→ **EXERCISE GOAL**:
Without the images, repeat every line of the listing verbatim.

→ **PROVIDED DATA**:
......
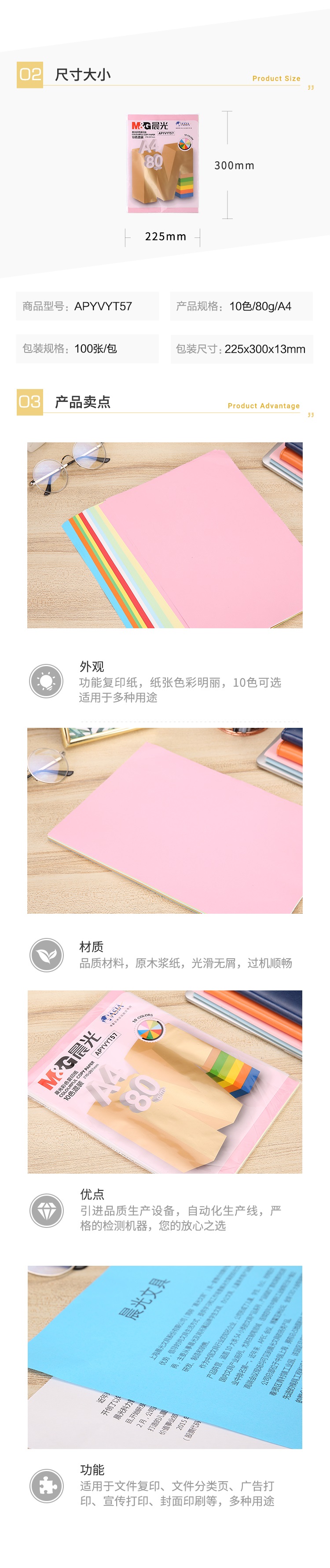 晨光彩色復印紙80克(10色混裝)APYVYT57 自營
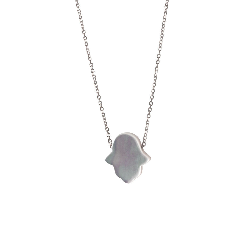 Simple and classic hamsa necklace. Made of .925 sterling silver. Featuring a .mother of pearl hamsa charm at center of necklace. Dainty rolo chain with spring ring clasp. Looks nice worn alone or paired with other dainty rose gold chains. Also available in 18k yellow gold and sterling silver.
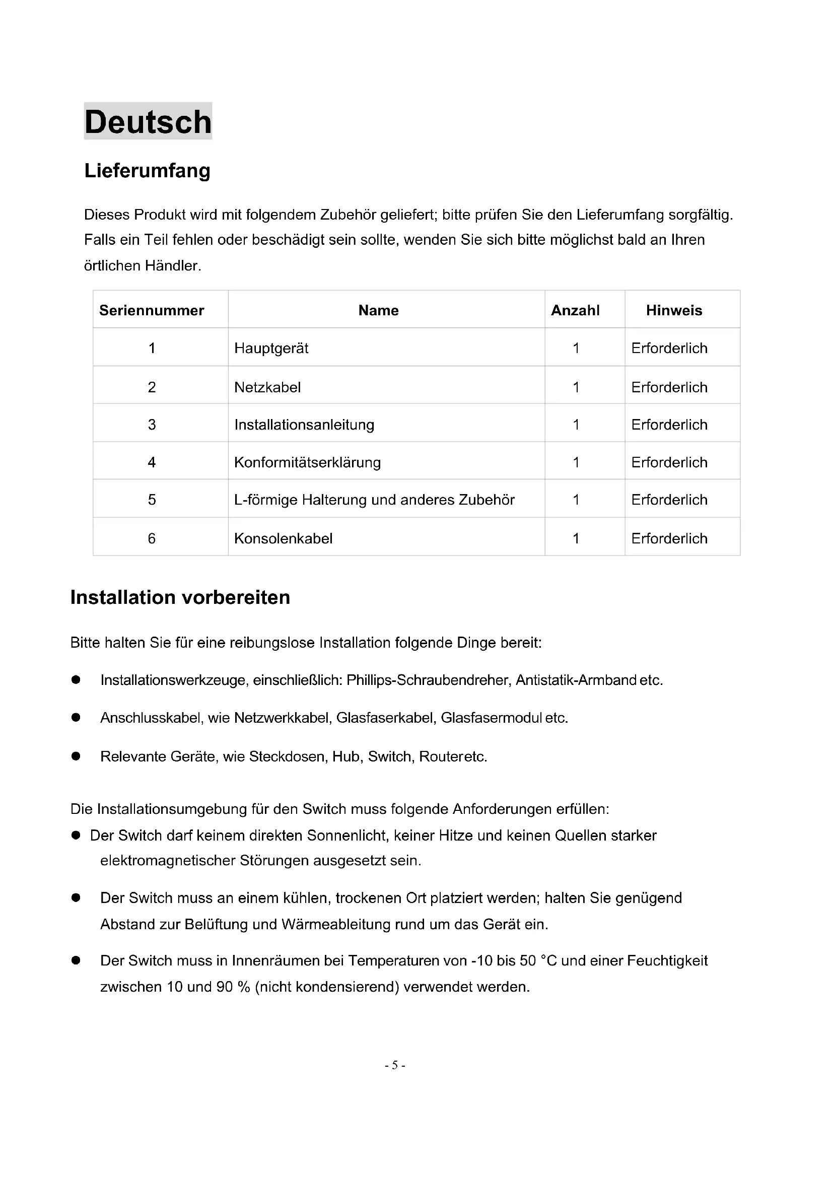 Installation vorbereiten Bitte halten Sie für eine reibungslose Installation folgende Dinge bereit: l Installationswerkzeuge, einschließlich: Phillips-Schraubendreher, Antistatik-Armband etc. l Anschlusskabel, wie Netzwerkkabel, Glasfaserkabel, Glasfasermodul etc. l Relevante Geräte, wie Steckdosen, Hub, Switch, Router etc. Die Installationsumgebung für den Switch muss folgende Anforderungen erfüllen: l Der Switch darf keinem direkten Sonnenlicht, keiner Hitze und keinen Quellen starker elektromagnetischer Störungen ausgesetzt sein. l Der Switch muss an einem kühlen, trockenen Ort platziert werden; halten Sie genügend Abstand zur Belüftung und Wärmeableitung rund um das Gerät ein. l Der Switch muss in Innenräumen bei Temperaturen von -10 bis 50 °C und einer Feuchtigkeit zwischen 10 und 90 % (nicht kondensierend) verwendet werden.- 6 -
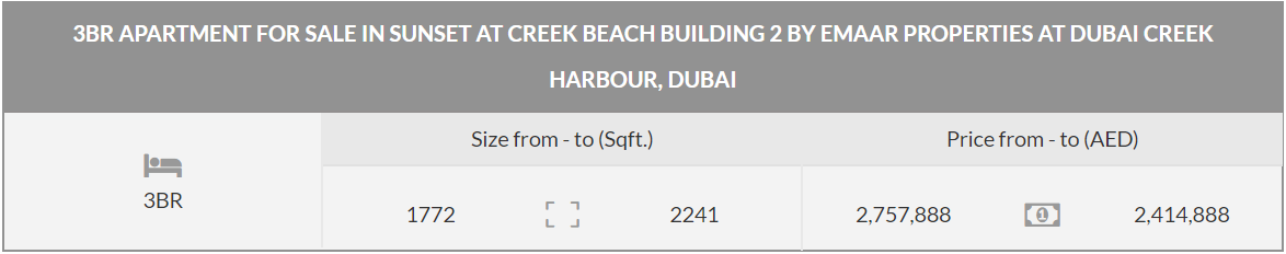 In terms of its location, Sunset Creek Beach Building 2 enjoys the most perfect address. Located on Dubai Creek Harbour, the residential development has close access to almost all the key locations of the city i.e. Downtown Dubai, Dubai International Airport etc. Due to its close access to Dubai Metro, the residents can also commute conveniently even if they don’t own their private vehicles.
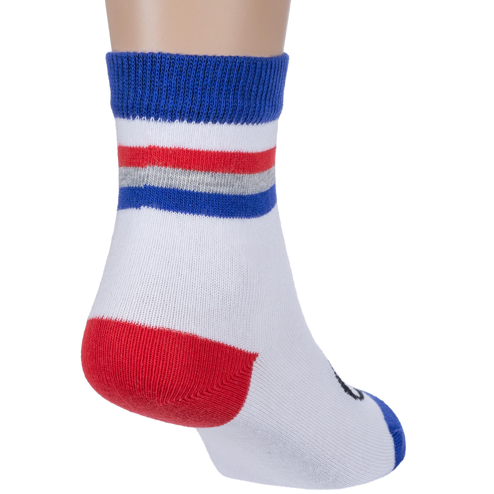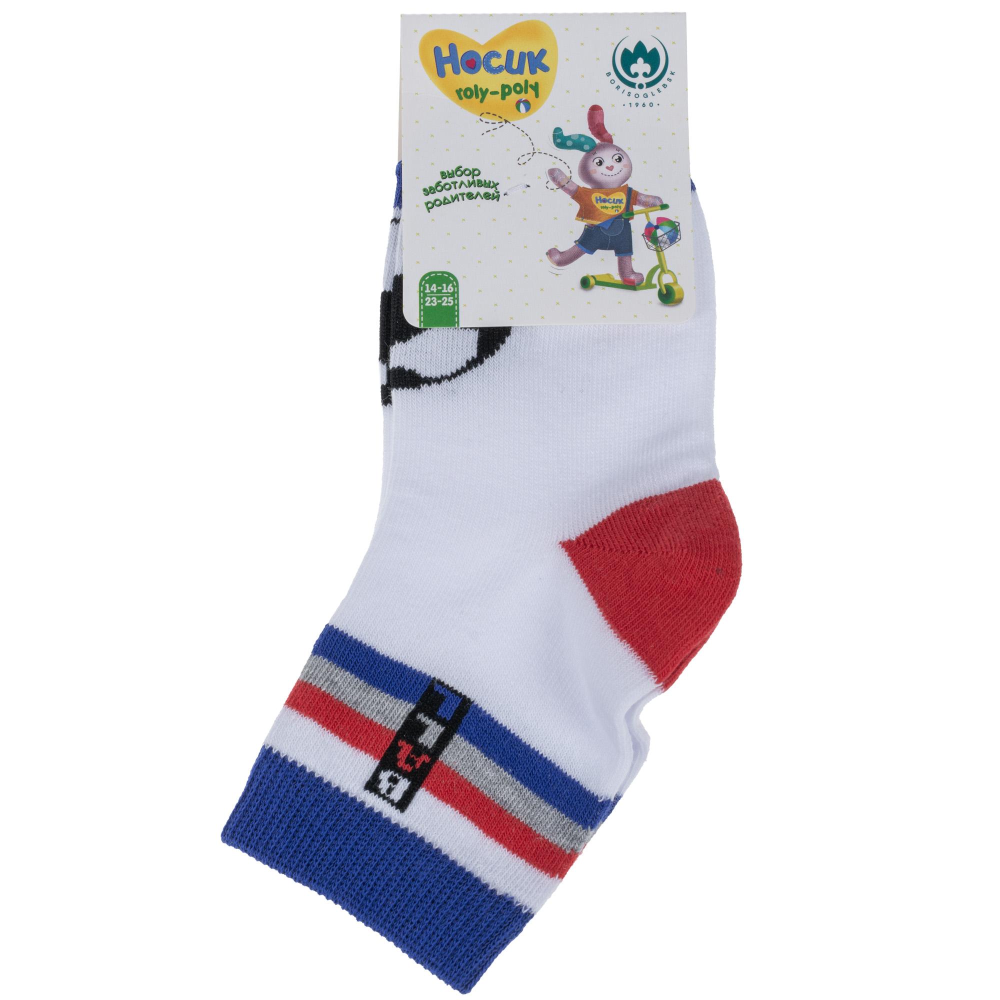 Круглогодичные укороченные детские носки, цвет белый, повседневные, шов обычный (не бесшовные), принт (рисунок): спортивные, надписи, контрастные пятка / мысок / резинка, игры, с узором, состав: 65% хлопок, 32% полиэстер, 3% эластан, арт. 8СМ1007. Производитель «АО Борисоглебский трикотаж, Воронежская обл, Россия» под брендом «Борисоглебский трикотаж».
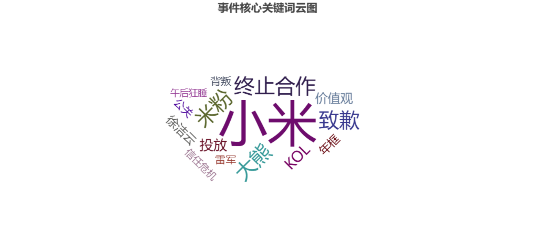 通过对高互动内容的分析,可以发现用户讨论的焦点高度集中。微博上的热门话题,如 “小米立即终止与相关KOL合作” 、 “小米徐洁云致歉” 等,直接反映了事件的核心脉络。 [2] 同时,“大熊”、“米粉”、“徐洁云”等成为各平台讨论中最高频的关键词。 [2]
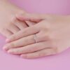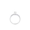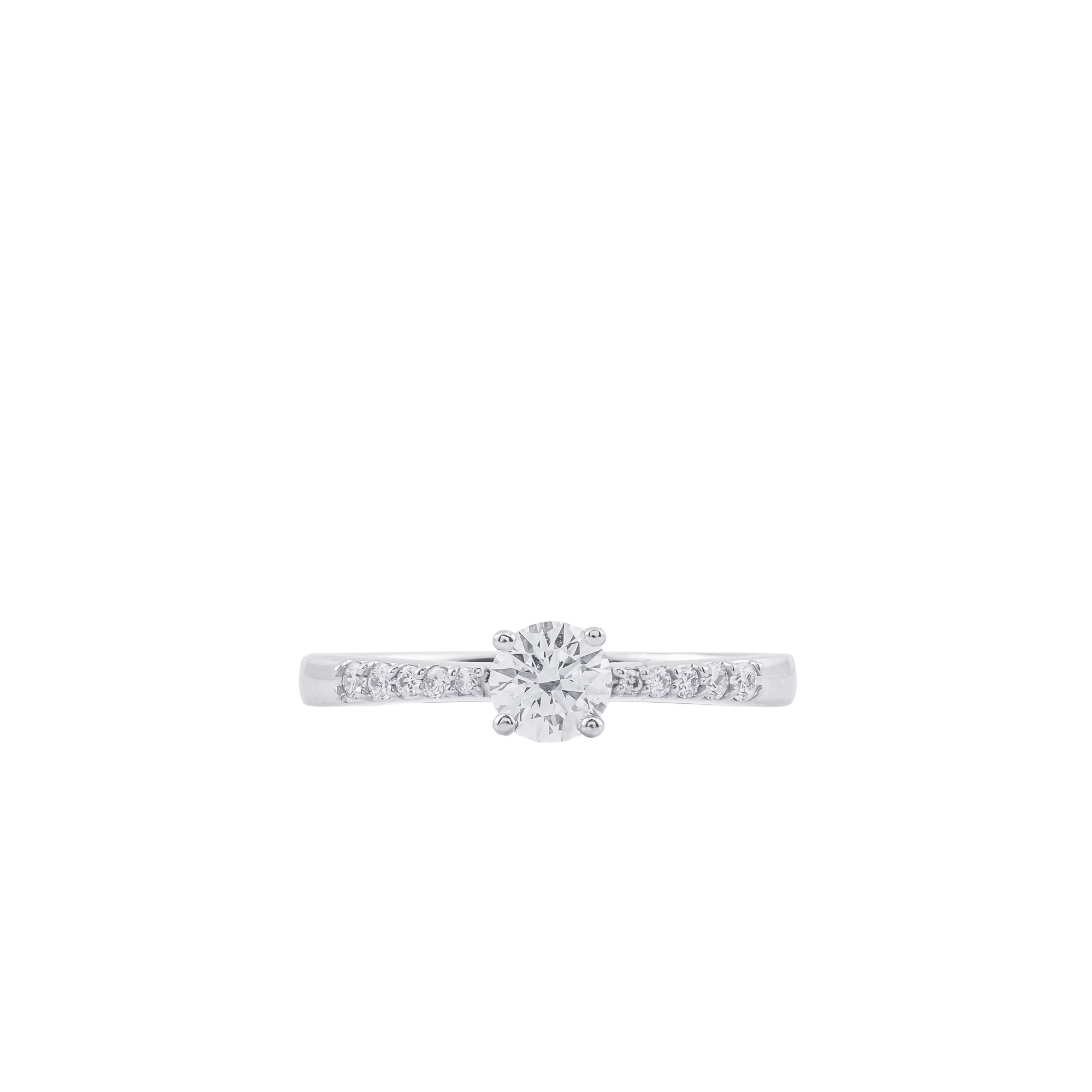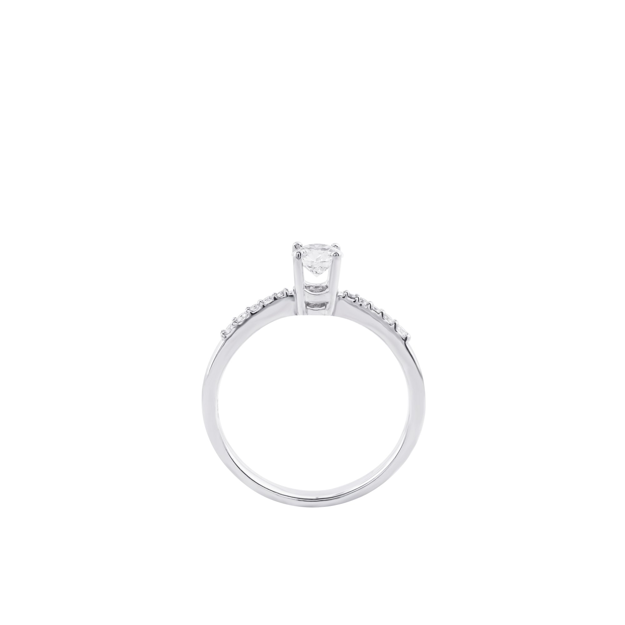 Nhẫn kim cương vàng trắng với thiết kế chấu cao thanh mảnh, tôn trọn vẻ rực rỡ của viên kim cương chủ. Hai hàng kim cương tấm chạy dọc thân nhẫn tạo hiệu ứng lấp lánh tinh tế, mang đến tổng thể sang trọng, hiện đại và đầy cuốn hút cho bàn tay.
......
→ **EXERCISE SOLUTION**:
 晨光彩色復印紙80克(10色混裝)APYVYT57 自營
 Simple and classic hamsa necklace. Made of .925 sterling silver. Featuring a .mother of pearl hamsa charm at center of necklace. Dainty rolo chain with spring ring clasp. Looks nice worn alone or paired with other dainty rose gold chains. Also available in 18k yellow gold and sterling silver.
 Installation vorbereiten Bitte halten Sie für eine reibungslose Installation folgende Dinge bereit: l Installationswerkzeuge, einschließlich: Phillips-Schraubendreher, Antistatik-Armband etc. l Anschlusskabel, wie Netzwerkkabel, Glasfaserkabel, Glasfasermodul etc. l Relevante Geräte, wie Steckdosen, Hub, Switch, Router etc. Die Installationsumgebung für den Switch muss folgende Anforderungen erfüllen: l Der Switch darf keinem direkten Sonnenlicht, keiner Hitze und keinen Quellen starker elektromagnetischer Störungen ausgesetzt sein. l Der Switch muss an einem kühlen, trockenen Ort platziert werden; halten Sie genügend Abstand zur Belüftung und Wärmeableitung rund um das Gerät ein. l Der Switch muss in Innenräumen bei Temperaturen von -10 bis 50 °C und einer Feuchtigkeit zwischen 10 und 90 % (nicht kondensierend) verwendet werden.- 6 -
 In terms of its location, Sunset Creek Beach Building 2 enjoys the most perfect address. Located on Dubai Creek Harbour, the residential development has close access to almost all the key locations of the city i.e. Downtown Dubai, Dubai International Airport etc. Due to its close access to Dubai Metro, the residents can also commute conveniently even if they don’t own their private vehicles.
 Круглогодичные укороченные детские носки, цвет белый, повседневные, шов обычный (не бесшовные), принт (рисунок): спортивные, надписи, контрастные пятка / мысок / резинка, игры, с узором, состав: 65% хлопок, 32% полиэстер, 3% эластан, арт. 8СМ1007. Производитель «АО Борисоглебский трикотаж, Воронежская обл, Россия» под брендом «Борисоглебский трикотаж».
 通过对高互动内容的分析,可以发现用户讨论的焦点高度集中。微博上的热门话题,如 “小米立即终止与相关KOL合作” 、 “小米徐洁云致歉” 等,直接反映了事件的核心脉络。 [2] 同时,“大熊”、“米粉”、“徐洁云”等成为各平台讨论中最高频的关键词。 [2]
 Nhẫn kim cương vàng trắng với thiết kế chấu cao thanh mảnh, tôn trọn vẻ rực rỡ của viên kim cương chủ. Hai hàng kim cương tấm chạy dọc thân nhẫn tạo hiệu ứng lấp lánh tinh tế, mang đến tổng thể sang trọng, hiện đại và đầy cuốn hút cho bàn tay.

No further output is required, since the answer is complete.